How to set up a conference telephone call with a patient and an interpreter from TIS – Information for reception staff and GPs

  • Call the TIS Doctor’s Priority Line when you’re ready to undertake a consultation/need to speak with a patient.
  • Specify the language.
  • Ask to be connected to a three-way conference call.
  • Provide the patient’s phone number.
  • Wait for the TIS operator to connect to the interpreter and the patient.

Note: TIS can be booked in advance, which is recommended if the language required is not common.

For common languages, you can connect to a TIS interpreter in approximately 2–3 minutes.

TIS does not have the capacity to offer three-way videoconferencing. While not ideal, a workaround is to use teleconferencing with TIS for audio and set up a separate videoconference with your patient via healthdirect (or another videoconference service) and keep on mute. You will have a visual connection with your patient, but the interpreter won’t.

Supporting patients who need an interpreter when booking a telephone or video consultation

Patients from non–English-speaking backgrounds may need the assistance of an interpreter both when they are booking a telephone appointment with the practice receptionist and when having the appointment with you. It is important that your general practice has systems and processes in place to ensure that people from non–English-speaking backgrounds don’t face any unnecessary barriers when accessing healthcare from you and don’t avoid accessing healthcare if they are concerned about using telehealth.
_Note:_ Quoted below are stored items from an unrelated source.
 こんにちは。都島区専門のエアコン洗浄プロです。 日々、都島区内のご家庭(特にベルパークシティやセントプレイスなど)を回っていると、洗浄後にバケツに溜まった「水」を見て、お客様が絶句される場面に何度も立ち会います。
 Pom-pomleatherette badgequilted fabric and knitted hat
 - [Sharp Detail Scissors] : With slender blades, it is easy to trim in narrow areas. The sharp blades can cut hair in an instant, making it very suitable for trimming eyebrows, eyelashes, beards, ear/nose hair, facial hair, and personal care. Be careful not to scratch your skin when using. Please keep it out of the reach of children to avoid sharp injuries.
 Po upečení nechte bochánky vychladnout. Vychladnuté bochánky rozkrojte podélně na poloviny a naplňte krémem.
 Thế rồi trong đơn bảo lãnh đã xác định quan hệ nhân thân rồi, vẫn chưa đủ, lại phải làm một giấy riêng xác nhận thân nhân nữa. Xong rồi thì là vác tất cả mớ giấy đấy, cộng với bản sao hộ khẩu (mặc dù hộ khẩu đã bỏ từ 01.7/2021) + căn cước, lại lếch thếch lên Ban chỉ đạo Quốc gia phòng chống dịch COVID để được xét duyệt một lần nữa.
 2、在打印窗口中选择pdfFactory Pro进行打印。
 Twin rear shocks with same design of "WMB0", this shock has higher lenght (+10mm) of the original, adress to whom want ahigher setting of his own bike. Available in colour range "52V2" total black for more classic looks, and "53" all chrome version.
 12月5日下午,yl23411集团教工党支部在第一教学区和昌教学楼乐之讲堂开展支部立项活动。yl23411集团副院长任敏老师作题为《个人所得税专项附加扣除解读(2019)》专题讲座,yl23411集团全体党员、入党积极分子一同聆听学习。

Practices/reception staff should:

  • ensure patients can easily request an interpreter for their telehealth appointment, whether booking on the phone or via the online booking service
  • ensure patients know that, in most cases, they can still access their GP for face-toface appointments in the practice if they need to
  • explain to patients that the GP will connect with the interpreter first and will provide the interpreting service with the patient’s phone number. The interpreting service will then link in the patient to the conference call.

Note: Patients who are unfamiliar with this process may need to be alerted (eg via text message sent prior to the appointment) to ensure that they know to expect the private incoming call from the TIS operator.
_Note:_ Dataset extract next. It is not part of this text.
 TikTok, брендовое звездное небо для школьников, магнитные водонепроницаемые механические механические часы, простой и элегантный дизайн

Make sure this information is provided clearly on your practice’s online booking system.

Reception staff may need to ask patients who call to make a telehealth appointment whether they would like an interpreter. Even if a patient seems proficient in English, they may still prefer to use an interpreter and speak to you in their first language.

Patients can request an interpreter directly through TIS to help them when contacting your practice to book an appointment.
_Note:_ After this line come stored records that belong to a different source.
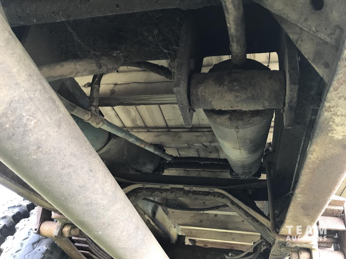 391 V8 engine, 4 speed manual transmission, 2 speed rear axle, 16 ft wood box, dual cylinder hoist, 10.00-20 tires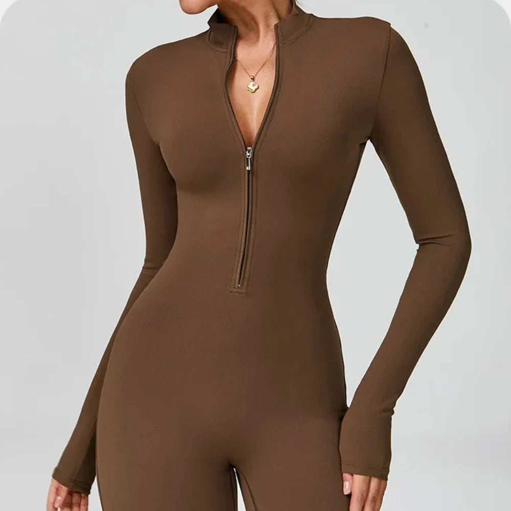 Designed for the modern yogi, this flared yoga jumpsuit combines functional elegance with unrestricted movement. The wide-leg silhouette offers a flattering fit while allowing full range of motion through poses and transitions. Crafted from breathable, moisture-wicking fabric, it keeps you comfortable during intense practice or casual wear. The integrated support ensures confidence through every asana, while the versatile design transitions seamlessly from studio to street. Perfect for practitioners who refuse to compromise on style or performance.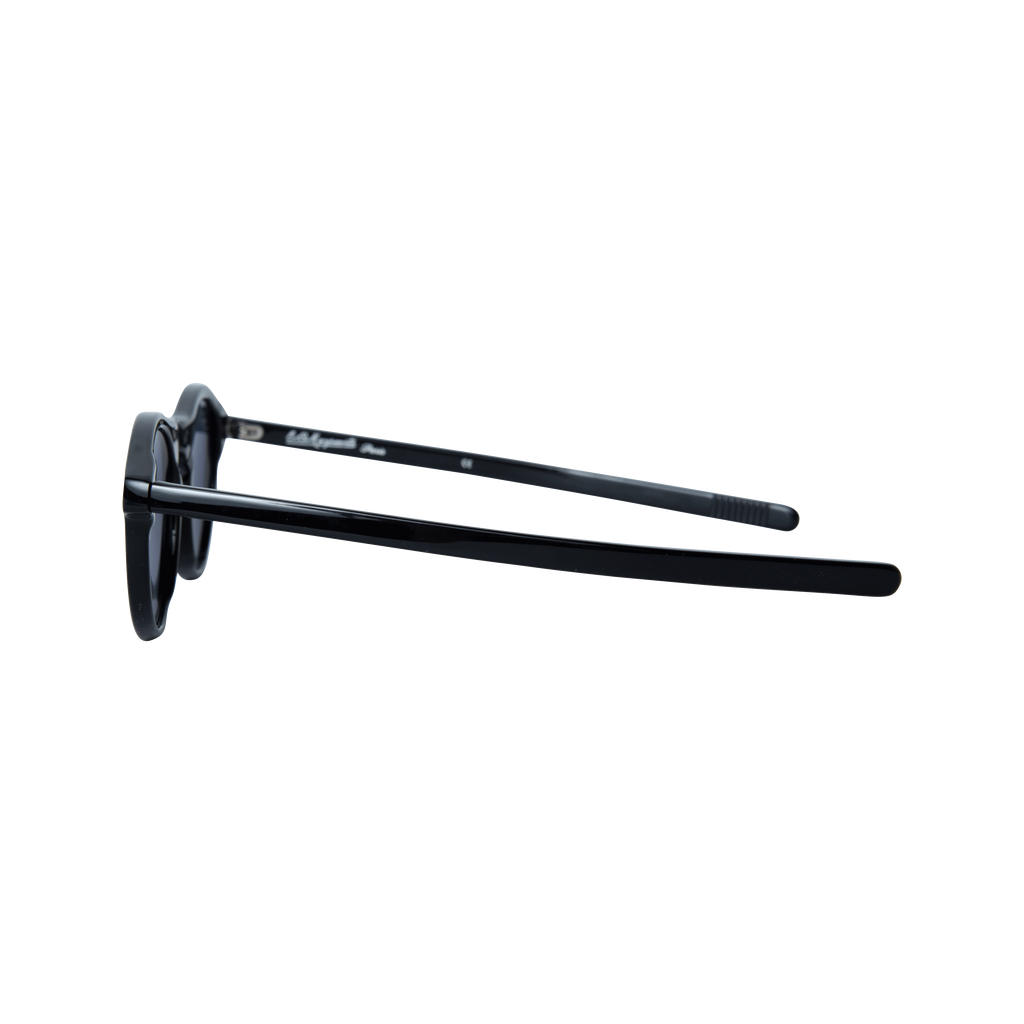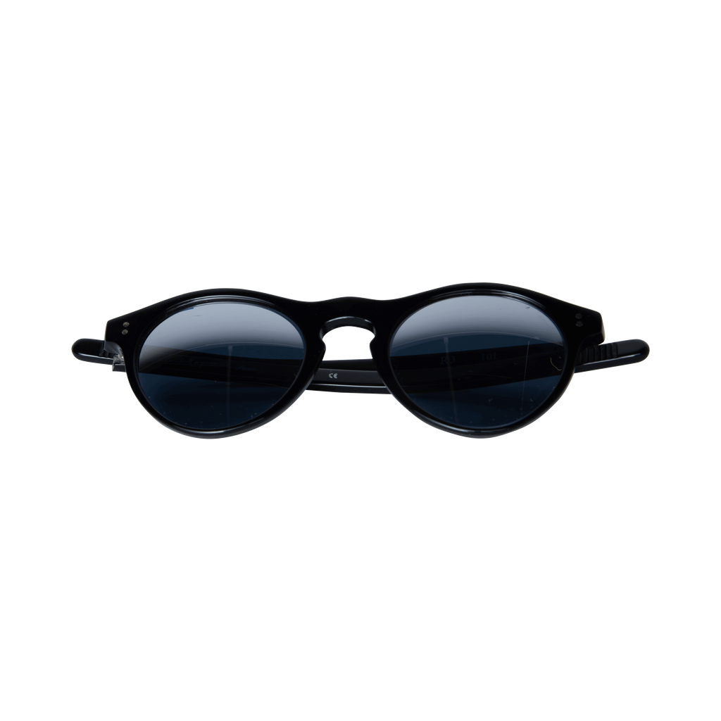 E.B. Meyrowitz Black Sunglasses with Silver Lenses features rounded shape and arched topline.

Notifying GPs when an interpreter has been booked for appointments

  • Ensure your practice has a system to clearly notify the consulting GP when the consultation is via telehealth and will require an interpreter.
  • Ensure all GPs in your practice are aware of the process for connecting to an interpreter for the telehealth appointment.

Connecting the telephone consultation

You should:

  • connect with the interpreting service
  • provide the patient’s phone number
  • wait for the interpreting service to connect to the interpreter and the patient
  • document the TIS job number in the patient’s clinical record
  • check audio/visual quality with both the patient and interpreter (noting that the interpreter might need to begin translating at this point)
  • explain to the patient what will happen if the call disconnects (again noting that the interpreter may need to translate these instructions to the patient)
  • begin the consultation.

Undertaking the consultation

Don’t say: Can you ask the patient if the headaches have persisted since they last saw me in the practice?

Say: Have your headaches persisted since the last time I saw you for an appointment in the practice?

 Ending the telephone consultation

  • Wrap up the consultation, noting all of the considerations in the Telephone and video consultations in general practice: Flowcharts.
  • Double-check that the patient does not have any questions arising from the consultation or require clarification or additional information. Consider using teach‑back to check the patient’s understanding.
  • Thank the patient and interpreter and disconnect the call.